Он и не пытался смотреть. Он лежал лицом к стене, слушая, как льется вода из крана, звонко плещет то в раковину, то на пол.
– Весь пол залила, – раздосадованно сообщила Стелла. – Ну ничего, линолеум, высохнет.
Пробежала назад. Сказала:
– Подвинься!
И снова привалилась к нему в тесноте скрипучей кровати. Он ощутил ее грудь, мокрый живот, мокрые волосы внизу, всё еще пугающие своим прикосновением, и мокрые до самых пальчиков, до царапающих ноготков, такие маленькие и такие сильные ноги.
Поцеловал ее. Заговорил было о том, что влюбился в нее сразу, как только увидел впервые осенью шестьдесят третьего. Но быстро сбился и замолчал под ее взглядом. Сдвинув уголком маленькие бровки, остроносенькая, похожая на сердитую птичку, она странно всматривалась ему в лицо своими выпуклыми, темно-блестящими глазами.
– Женя, – сказала она. – Женя. Надо же, имя тебе дали девчоночье!.. – Неожиданно ткнула его пальцем куда-то под ключицу: – Вон какой след тебе оставила, сама не заметила. На пляж теперь не выйдешь. Хотя, вы, мальчишки, такими пятнами любите хвастаться.
И вдруг, закинув лицо к потолку, громко сказала с восторженным ужасом:
– Какая же я дрянь! Господи, какая дрянь!
– Почему?!
– Да разве можно было мне с тобой? Совсем я с ума сошла!
– Давай поженимся.
– Ой, не смеши меня! Дурачок. Да я на семь лет тебя старше!
– На шесть с половиной!
– Мало, что ли?
– Шекспир тоже женился в восемнадцать лет, и жена была на шесть лет старше.
Стелла расхохоталась:
– Ты что – Шекспир?
– И у Наполеона жена была на шесть лет старше.
– Ой, не могу! Ты что – Наполеон?
Она заливалась смехом.
– А если будет ребенок? – спросил он.
Должно быть, слишком явно в голосе его прозвучал испуг. Стелла перестала смеяться. Сказала раздраженно:
– Успокойся ты, не будет никакого ребенка! Что же я – дурочка, не знаю, когда мне надо беречься, когда нет?
И вдруг посерьезнела:
– Вот что, мы с тобой больше не увидимся. Ты за мной не ходи и не звони мне, слышишь!
– Почему?!
– Потому! Игра есть такая детская: «Первый раз прощается, второй раз – запрещается!» Играл в нее маленький?
– Я тебя люблю.
– Перестань! – строго сказала она и зажала ему рот ладошкой. – Молчи, ничего не говори сейчас!
Несколько секунд они в упор смотрели друг другу в глаза.
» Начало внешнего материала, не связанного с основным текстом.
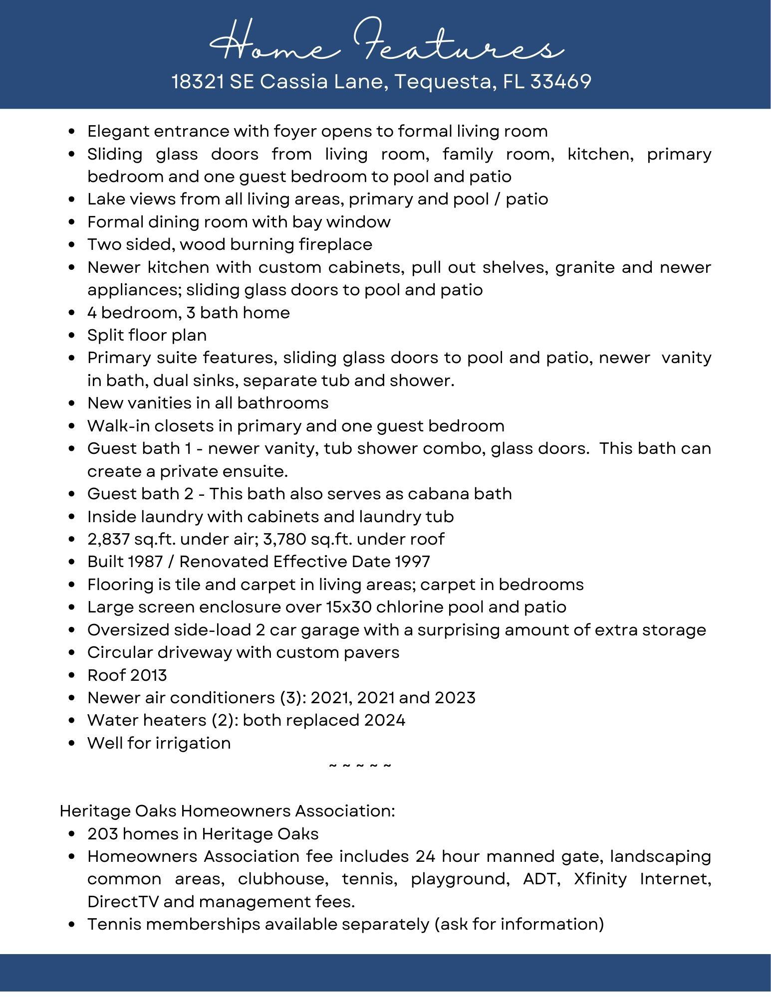 Luxury lakefront pool home in the prestigious gated community of Heritage Oaks. This spacious 4-bedroom, 3-bath residence sits on an .49-acre waterfront lot with wide lake views from the living room, kitchen, primary suite, guest room, and outdoor living areas. Enjoy Florida lifestyle living with a large screened pool, covered lanai, and hot tubperfect for entertaining or relaxing. The split floor plan offers privacy, while the open-concept kitchen flows into a comfortable sitting area featuring a two-sided fireplace. The primary suite includes sliding glass doors leading to the pool and patio. Updated bathrooms, oversized 2-car garage, and circular paver driveway add convenience and curb appeal. Ideal Florida luxury home, waterfront property, and private retreat. Tennis membership available 800/year.
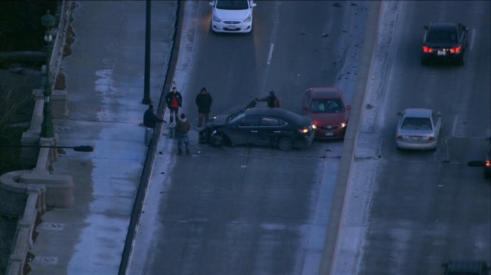 Just before 7 a.m., two southbound drivers collided south of 57th Street and the Museum of Science and Industry. When their vehicles came to a stop on a bridge just east of the Museum Shores Yacht Club, one of the cars lay across both southbound lanes of the drive. (Plans for the nearby Obama Presidential Center site call for adding a third southbound lane between 57th and Hayes Drive/63rd Street.)
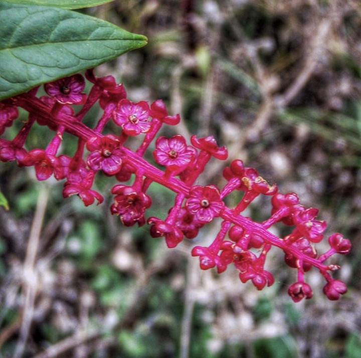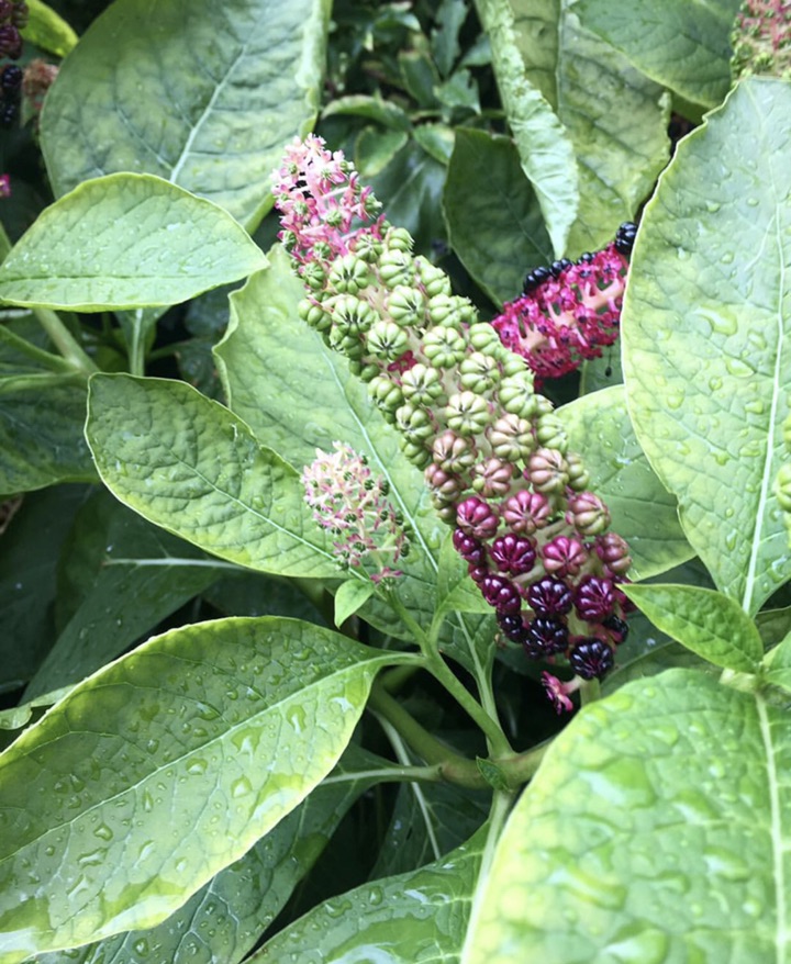 商陆,商陆科商陆属,多年生草本,春初发苗,叶卵形而大。夏季开红紫或白色小花。入秋结实,实多肉,赤黑色。嫩叶可食,其根有毒,可供药用。
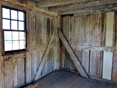 The walls are comprised of vertical planks, 2½ inches thick and ranging from six to twelve inches wide, set side-by-side with chamfered battens. The planks, tenoned to fit channels in the sills, braces and plates, are planed and exposed on the interior.
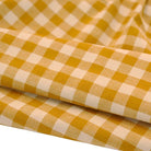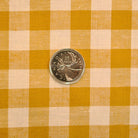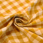 A lightweight summery cotton/linen blend gingham in warm white and ochre yellow.

Неожиданно Стелла взяла его за плечи и сдавила так, что ногти больно вонзились ему в тело.
– Ты что?! – вскрикнул он.
А у нее странно искривился рот, затуманился взгляд, опустились веки. Она опять трудно застонала, медлительно и сильно охватывая его и вбирая в себя...
Вечером, когда он провожал ее на вокзал, Стелла вновь повторяла:
– Не ходи за мной больше! Не ходи и не звони, понял?!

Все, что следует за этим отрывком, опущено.